Part:BBa_K2389060

gvpA+C under lac promoter

gvp3.0 is an engineered operon consisting of different alleles of gas vesicle protein (gvp) genes, gvpA and gvpC. Both genes encode for the main structural proteins of gas vesicles, though, the different versions of gvpC (gvpC16 and gvpC20Ψ) allow for the production of varied gas vesicle phenotypes. Expression of the gvp3.0 construct is under control of the lac promoter (pLac), allowing inducible expression using IPTG in the presence of cAMP.

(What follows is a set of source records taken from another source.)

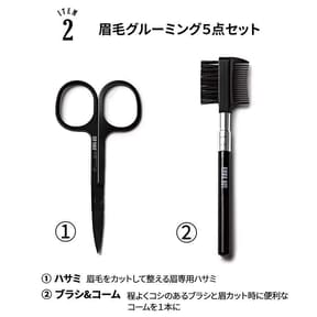 美眉をつくるのに欠かせない厳選アイテムたちは、ハサミ、ブラシ&コーム、毛抜き、スクリューブラシ&平筆がラインアップ。シックな黒にロゴをあしらった統一感もポイントになっている。
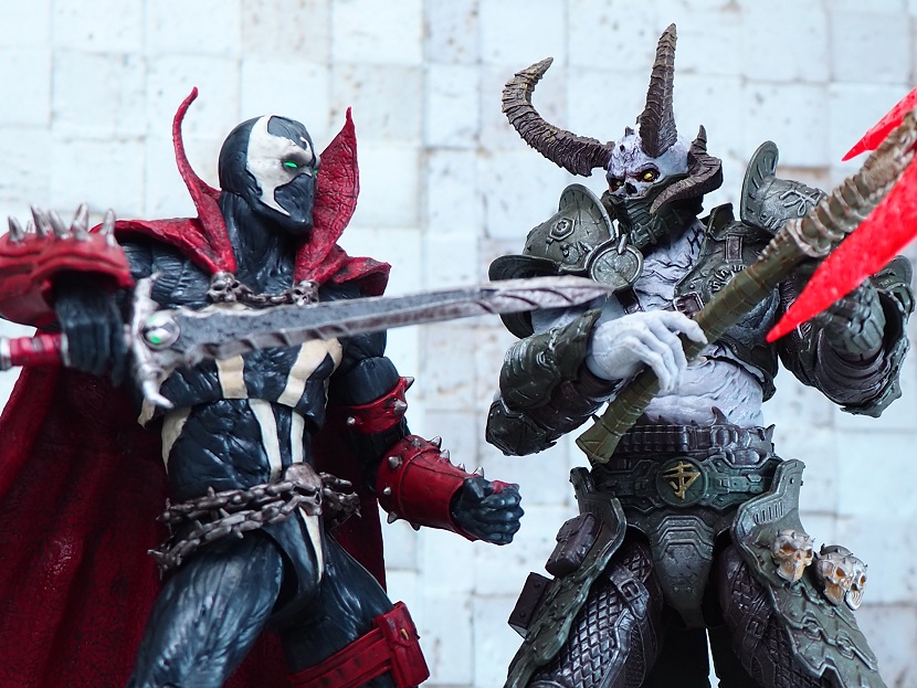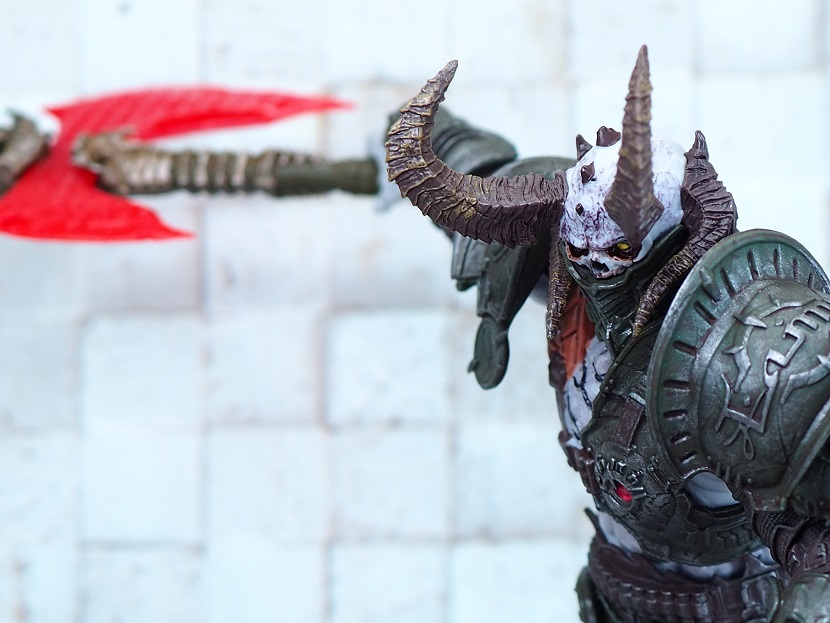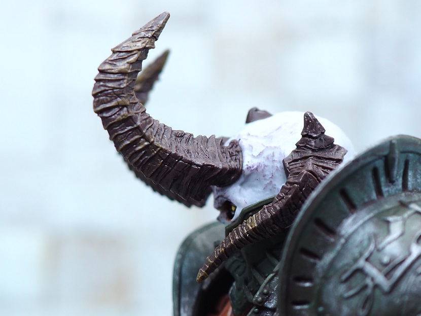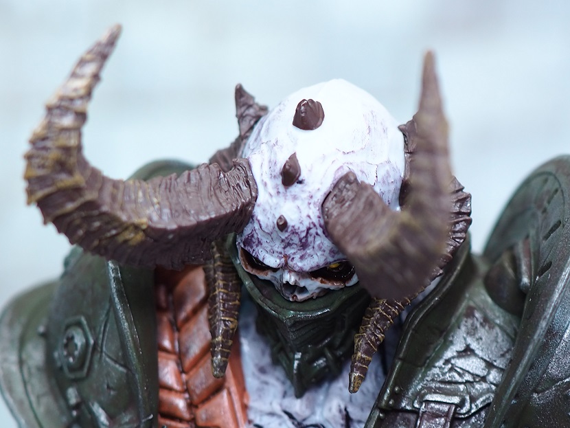マスク部分など細かく見ると部分的に塗装が省かれているんですが、禍々しいツノなどの精巧な造形は流石マクファーレントイズと言ったところ。
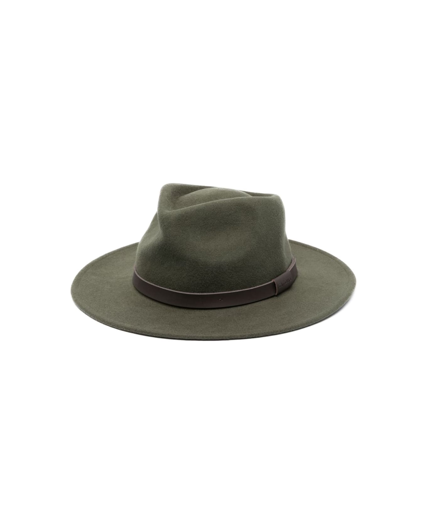 olive green wool felted debossed logo to the side leather band centre-dent crown flat brim pull-on style
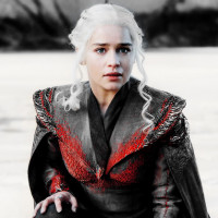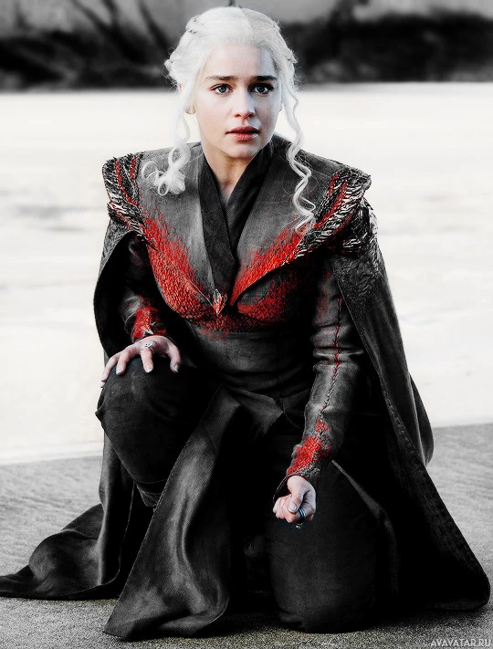 Daenerys Targaryen, portrayed by actress Emilia Clarke. She is depicted in her role as a queen and
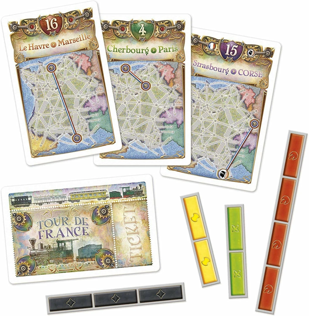 In the France half of this expansion, 2-5 players collect train cards and claim routes in order to complete tickets in hand, but most of the tracks on the board aren’t colored! Each time that you draw cards, you must take a colored tile that’s 2-5 train cars long and place that tile on an empty track bed. Once you’ve done this, any player can claim that route by discarding the appropriately colored cards from hand, as in any other Ticket to Ride game. (Single-length routes are already colored, and the map contains a number of gray-colored ferry routes.)
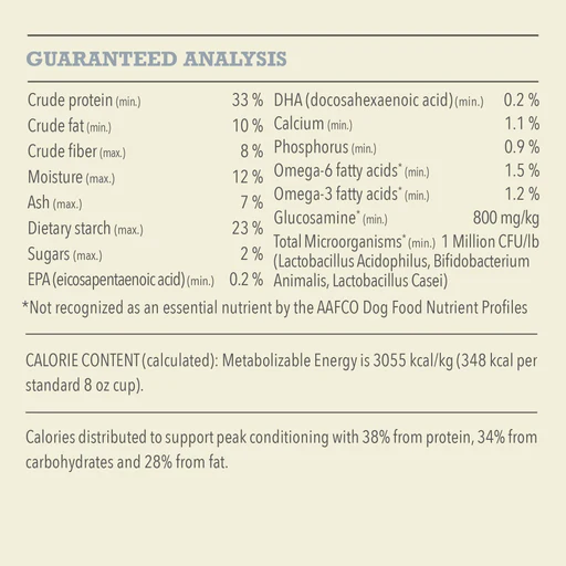 • High protein dry dog food kibble features 60 percent* high-quality animal ingredients and 40 percent** wholesome fruits and vegetables
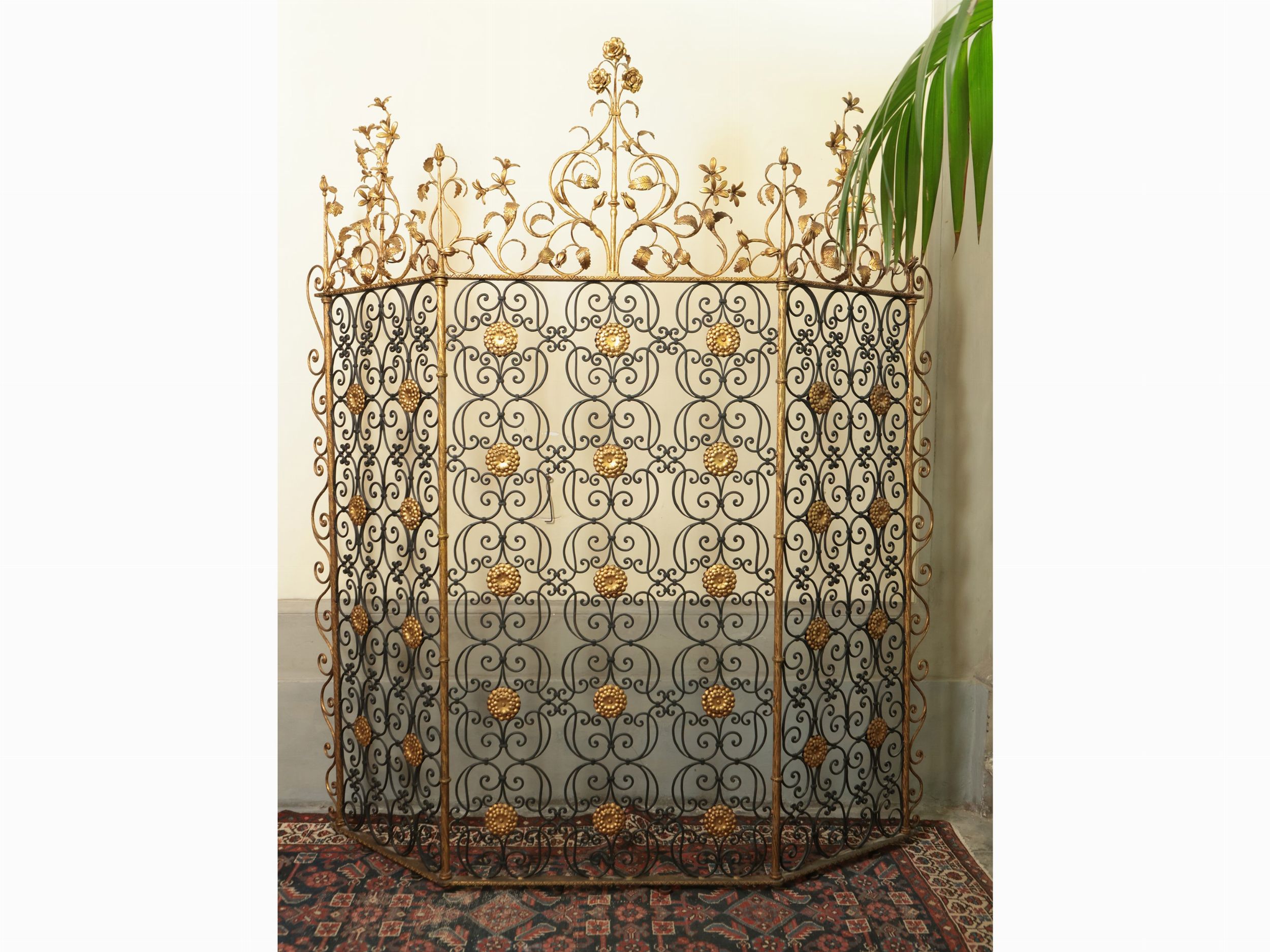 Separé o parafuoco in ferro battuto e lumeggiato in oro
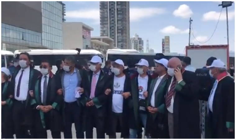 Türkiye’nin dört bir yanından başlattıkları Savunma Yürüyüşü’nün ardından Ankara’da buluşan baro başkanlarına engelleme ikinci gününde de sürüyor. Ankara girişine durdurulan avukatlara yönelik abluka gece boyunca devam ederken TBB Başkanı Metin Feyziyoğlu 27 saat sonra alana geldi. Ancak baro başkanları Feyziyoğlu’nun alana girmesine izin vermedi.
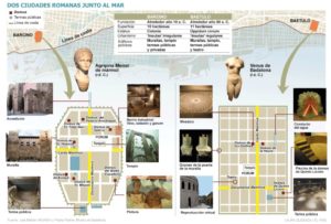 Plutarco escribió medio centenar de biografías de personajes históricos agrupadas por parejas en las que comparaba un personaje griego con otro romano. Si hubiese escrito sobre ciudades,seguro que se habría fijado en Baetulo y Barcino (Badalona y Barcelona),fundadas en la provincia de Hispania,una de las más prósperas del imperio romano en el siglo I a.C.,que tuvieron una historia parecida a lo largo de los siglos y que ha continuado hasta nuestros días. A falta de Plutarco,dos arqueólogas que investigan los restos arqueológicos de estas dos ciudades desde hace años: Pepita Padrós en Baetulo y Julia Beltrán en Barcino,repasan la vida paralela de estos dos asentamientos milenarios.

Gas vesicles are impermeable to water and entrap ambient gases within their structure. This property leads to an overall change in cytosolic density which has been seen to confer buoyancy to microorganisms which synthesize gas vesicle proteins. Our gvp3.0 construct is based off of the wild-type cluster found in the cyanobacterium Planktothrix rubescens. We have maintained this wild-type sequence of the gvp gene repeats, as this arrangement has been found to be conserved in the buoyant strains of P. rubescens. We hypothesize that the preservation of this sequence may have influence stoichiometric control of gvp subunits, or transcriptional efficiency.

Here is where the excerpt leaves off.